なお、本明細書において、絶縁性のパターンを形成する絶縁性溶液を、液体吐出ヘッドから基材に吐出することで基材に形成された絶縁性液体からなるドットを絶縁ドットと呼ぶ。同様に、導電性のパターンを形成する導電性溶液を、液体吐出ヘッドから基材に吐出することで基材に形成された導電性液体からなるドットを導電ドットと呼ぶ。
1.回路パターン形成装置の構成
2.制御系の構成
3.回路形成位置の制御
4.回路パターン形成に使用される材料
4−1.基材
4−2.導電パターン用溶液と絶縁パターン用溶液
5.回路パターン形成方法
まず本発明の実施形態として、基材上に絶縁パターンと導電パターンからなる回路パターンを形成するために使用される回路パターン形成装置を説明する。

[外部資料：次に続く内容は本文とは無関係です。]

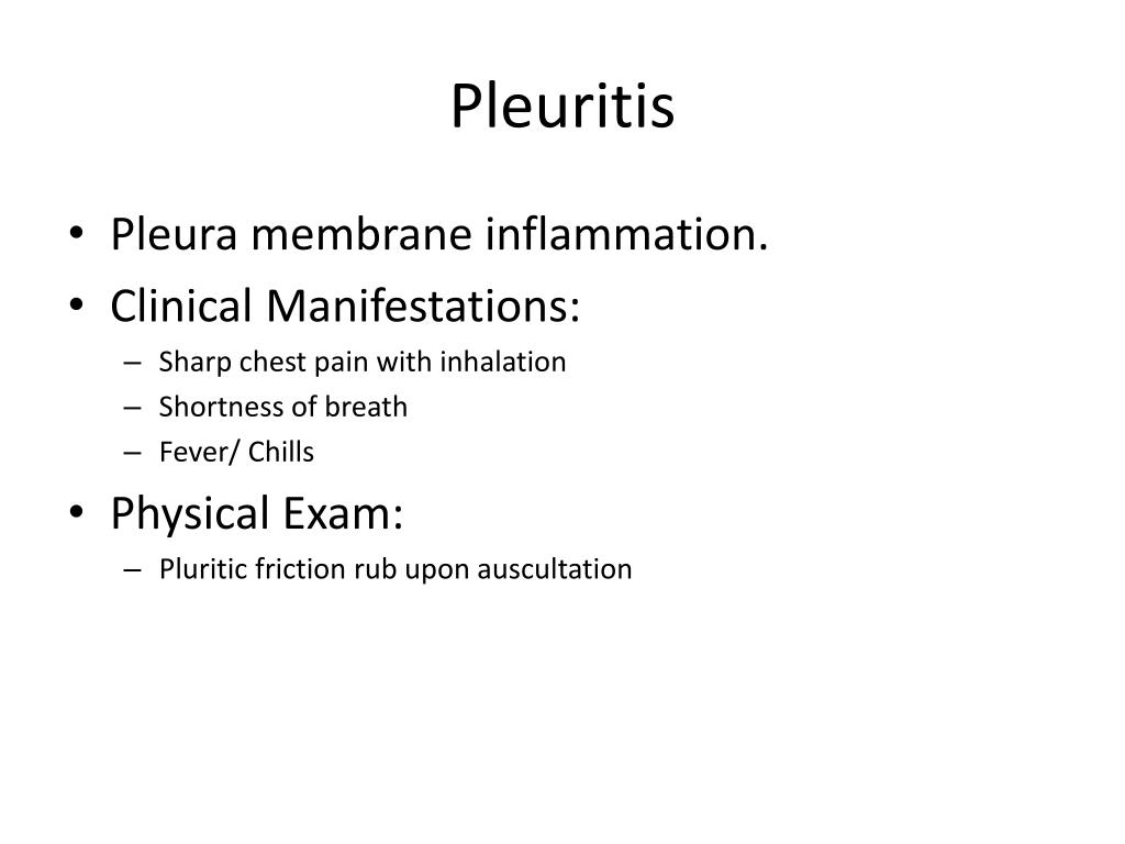 Pleuritis • Pleura membrane inflammation. • Clinical Manifestations: • Sharp chest pain with inhalation • Shortness of breath • Fever/ Chills • Physical Exam: • Pluritic friction rub upon auscultation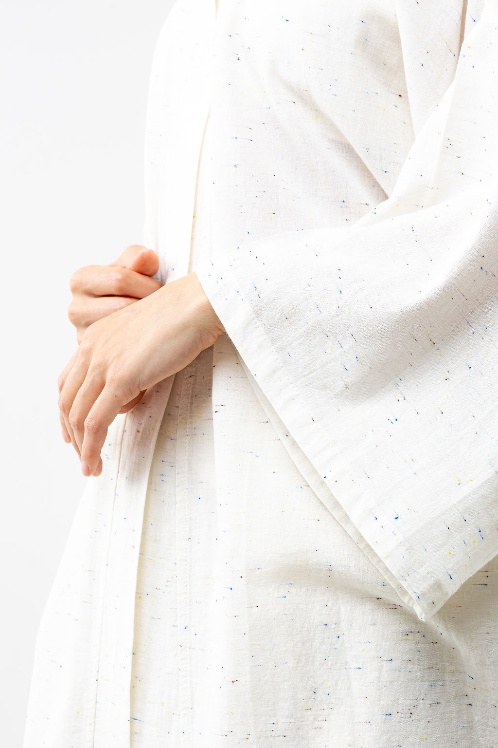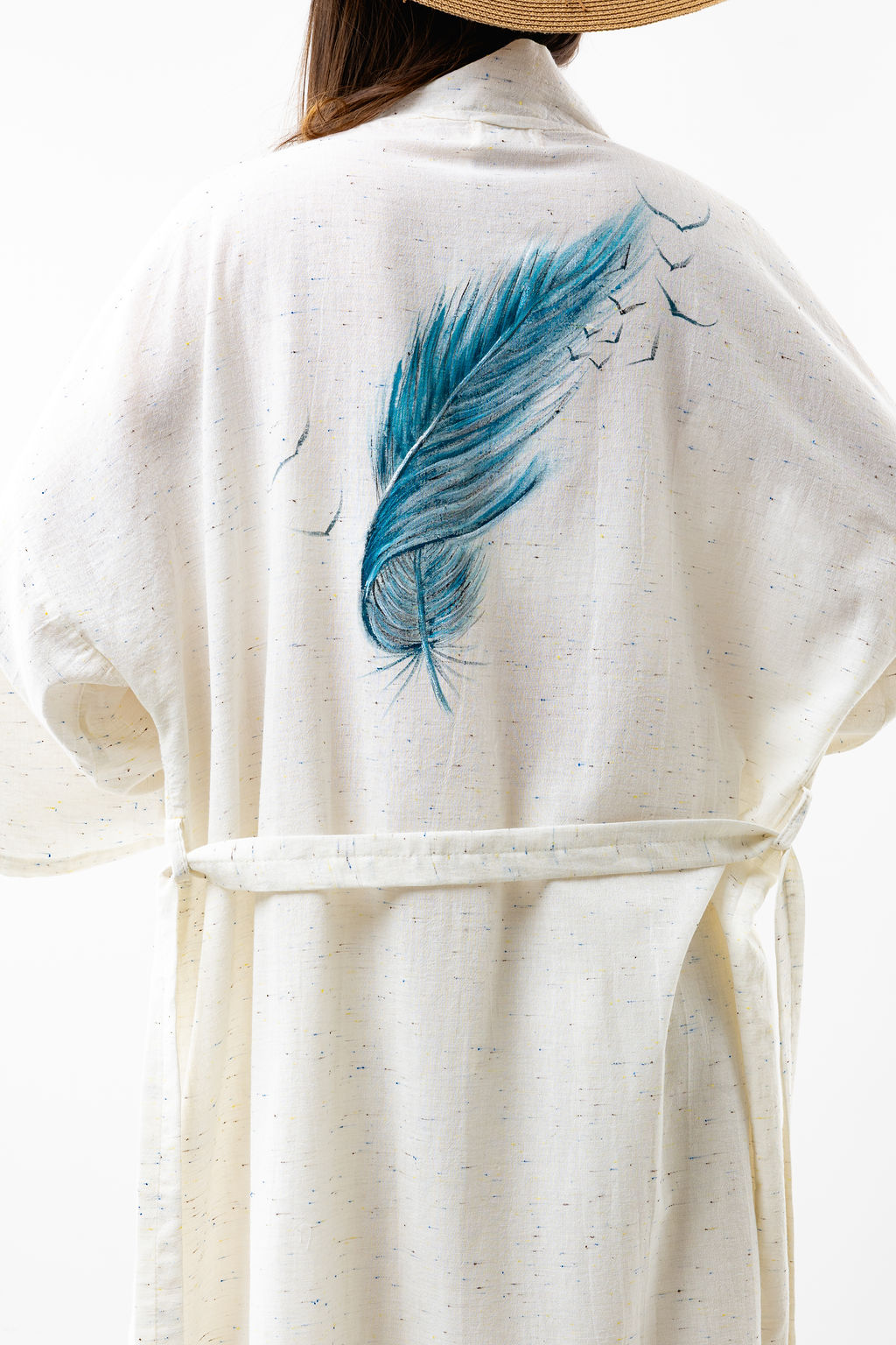 Elevate your wardrobe with our Hand-Painted Speckled Linen Kimono, featuring a one-of-a-kind blue feather design on the back. Crafted from breathable speckled linen, this kimono combines style, comfort, and versatility.

また、本実施形態における回路パターン形成装置には、ホスト装置として不図示のパーソナルコンピュータが接続されている。このパーソナルコンピュータから送られた図形情報(回路パターン情報)に基づいて、回路パターン形成装置は、液体吐出ヘッド2,3の移動、各溶液の吐出、およびステージ103の移動などを行い、基材1の表面に回路パターンを形成する。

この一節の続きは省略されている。